[Supplied data]
BEGIN

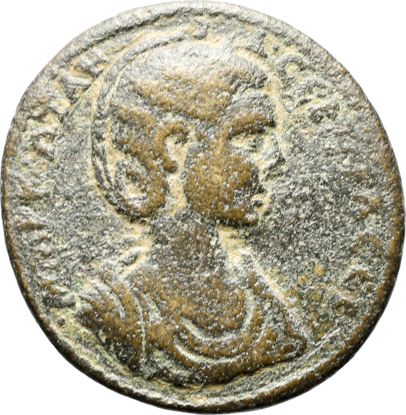 Apollo standing facing, head left, holding branch and leaning on tripod entwined by serpent; left, tree and lyre; right, bow |
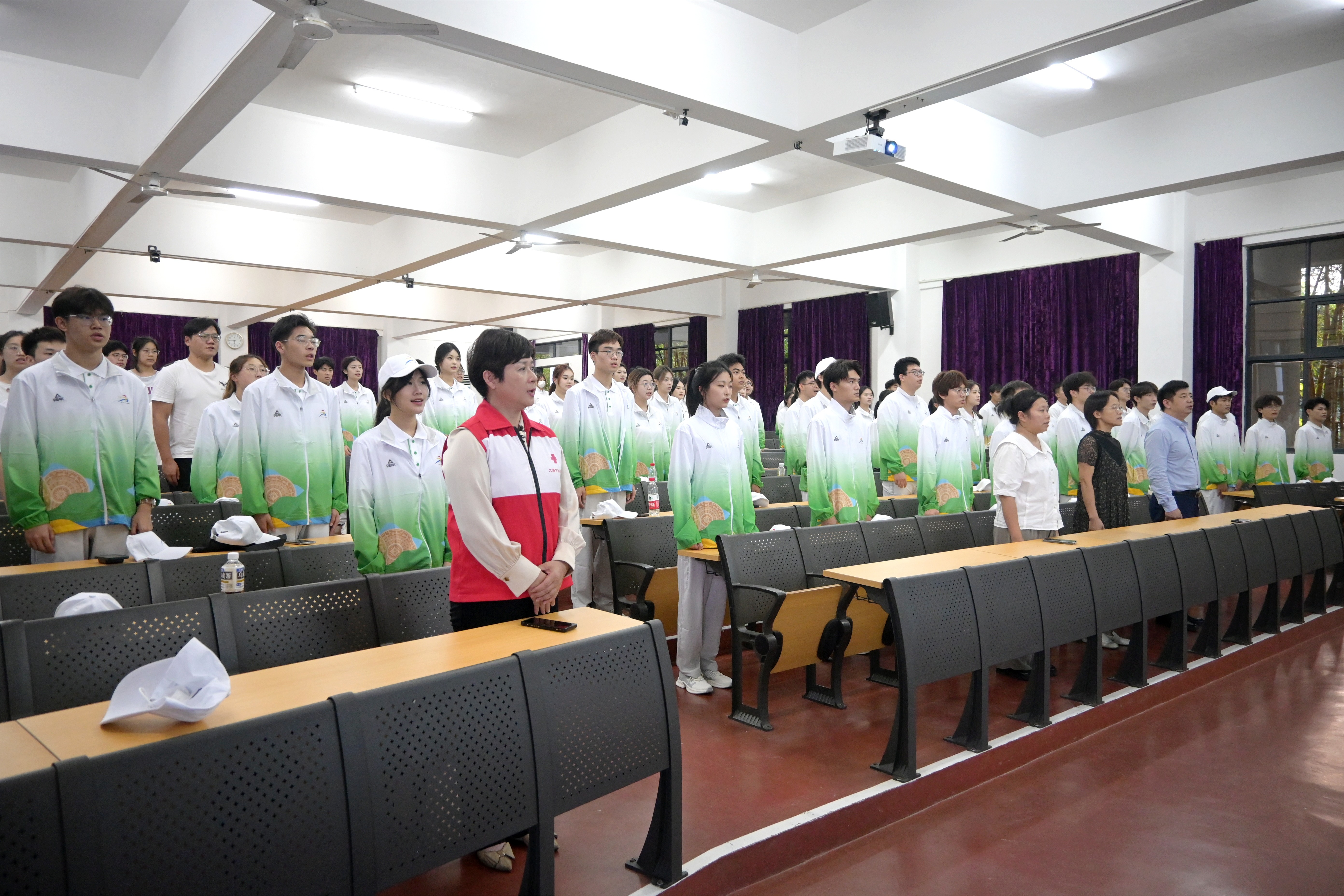 全体志愿者起立奏唱国歌,并集体观看学青会宣传片。
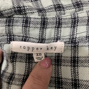 Copper Key Women’s Plaid Flannel Shirt XS Mint Green Black Long Sleeve Button Up
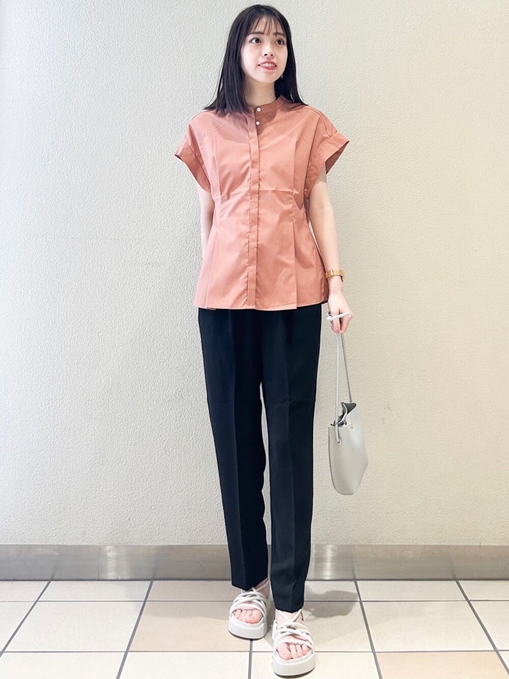 rucha 162cm ペプラムシャツブラウス^ ^ ウエストタックですっきり! 裾にかけてフレアなシルエットに♪ ドロップショルダーなので腕周りのカバーも◎ キレイめなパンツと合わせて通勤スタイルにも、デニムと合わせて上品なカジュアルなスタイルにも着回しできます♪ シワになりにくい【エステネージュ】素材を 使用しているのでお手入れも安心です^ ^

END

[Directions for this task]
The expected response is every line of the material, written out exactly, with the images removed.

[Answer section]
 Apollo standing facing, head left, holding branch and leaning on tripod entwined by serpent; left, tree and lyre; right, bow |
 全体志愿者起立奏唱国歌,并集体观看学青会宣传片。
 Copper Key Women’s Plaid Flannel Shirt XS Mint Green Black Long Sleeve Button Up
 rucha 162cm ペプラムシャツブラウス^ ^ ウエストタックですっきり! 裾にかけてフレアなシルエットに♪ ドロップショルダーなので腕周りのカバーも◎ キレイめなパンツと合わせて通勤スタイルにも、デニムと合わせて上品なカジュアルなスタイルにも着回しできます♪ シワになりにくい【エステネージュ】素材を 使用しているのでお手入れも安心です^ ^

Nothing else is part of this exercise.